One aspect I like about the concept of dividend paying stocks is that the company in question would have a much harder time over-reporting their earnings/value or "cooking the books" (as in an enron situation) because they simply MUST get those quarterly checks out and no amount of fraudulent bookkeeping can satisfy that requirement. It would be extremely obvious if dividend checks bounced or didn't come, and so it is a built in system of checks and balances.
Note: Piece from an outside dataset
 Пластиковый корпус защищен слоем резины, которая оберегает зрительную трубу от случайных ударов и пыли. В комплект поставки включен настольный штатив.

A dividend is never guaranteed, and can be cut at any time. Actually, an argument can be made that a stock which pays a large dividend, all else equal, is inherently more risky. Consider this, if a company which pays a large dividend, finds itself in a situation where it can't pay it, they can either:
1. Reduce/eliminate their dividend.
or
2. Borrow money to pay the dividend.
#1 will likely push their stock down even further, as many investors will have chosen their stock specifically for the dividend. This provides a strong incentive for #2. In fact, we see this all the time. Many dividend stocks don't cut or eliminate their dividend, until
after they've been in trouble for a while, and their price has dropped significantly. As a company, it's arguable they would have been better off
not paying out millions of dollars in dividends when they couldn't afford it. It's easy to see how adding additional liabilities to the companies book, can make their default inherently more risky.
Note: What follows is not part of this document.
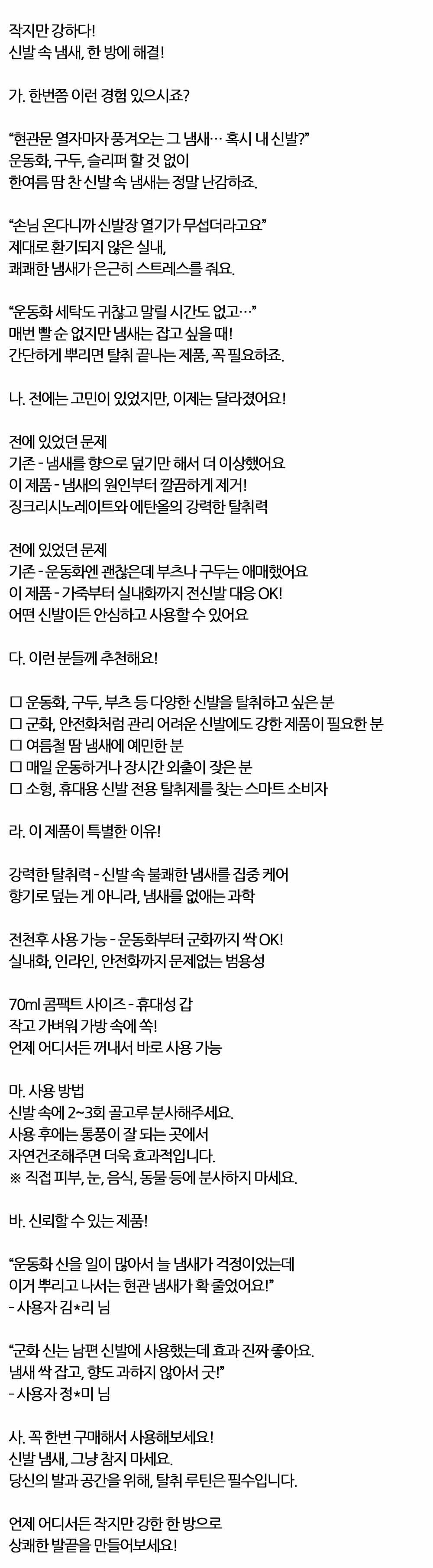 신발 속 냄새 그냥 참지 마세요 신발냄새 제거제 70ml

The other aspect I like about investing for dividend income as opposed to capital gain income is that I think it makes the emotional ups and downs of the stock market easier to weather for the average non-professional investor. So basically what the OP eluded to. If you are investing for capital gains only, then you never have any "true" profit until you sell.
This is an illusion, and in actuality the investor holding these individual stocks is taking on much more risk vs simply buying the market index and being more diversified. As mentioned earlier, many dividend stocks have cut or eliminated their dividend,
after dropping 50-60% or more. This is not recommended for anyone seeking FIRE, or currently retired. Many investors lost their shirts after investing in high dividend stocks in the recent past, here are some notable examples:
General Motors
Kodak
J.C. Penny
Barnes & Noble
Washington Mutual
Citigroup
Bank of America
Also, the market index is not capital gain only, it has a dividend too. If you were so inclined, you could construct a 3 fund portfolio, holding 9,417 different stocks worldwide, and 710 different bonds, (60/40 allocation) yielding a bit over 3%. That's almost your whole 4% withdrawal rate right there, and your portfolio will be significantly less risky.
Long story short, if you choose to purchase individual stocks (for any reason), chances are you'll be OK...but why risk it?